The Apache Spark RDD Data Structure
Overview
Spark applications are executed as independent sets of processes on a cluster, coordinated
by a driver program using a SparkContext object. Below is a diagram depictng the Spark architecture.
Looking under the hood of Apache Spark is the concept of the Resilient Distributed Dataset (RDD). It is an immutable distributed fault tolerant collection of elements that can be operated on in parallel. Spark RDDs have several notable characteristics such as the fact they are statically typed (i.e. RDD[String]). That is its type is explicitly declared and determined at compile time. By default, Spark RDDs are replicated to other executor nodes to provide fault tolerance. Spark RDDs can be partitioned, and the number of partitions can be specified.

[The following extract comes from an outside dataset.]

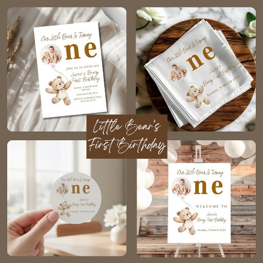 This charming teddy bear birthday banner features a soft neutral bear illustration, elegant typography, and a custom photo area to showcase your baby’s sweet smile.

Using the SparkContext object, an RDD can be created from a text file as well as other ways. For example, RDDs can be created from other RDDs.
Spark RDDs are equipped with a number of what we call transformations and actions. An example of a transformation would be reduceByKey. This transformation repartitions an RDD and merges records that have the same key. The resulting RDD will consist of the key and grouped elements. An example of an action would be to count the number of elements in the dataset.
Spark RDDs are one of three data structures Apache Spark currently provides support for. The other two are DataFrames and DataSets.
Rererences
Könemann, Alexander. Experimental comparison between Apache Spark and Flink in heterogeneous hardware environments. Diss. Hochschule für Angewandte Wissenschaften Hamburg, 2024.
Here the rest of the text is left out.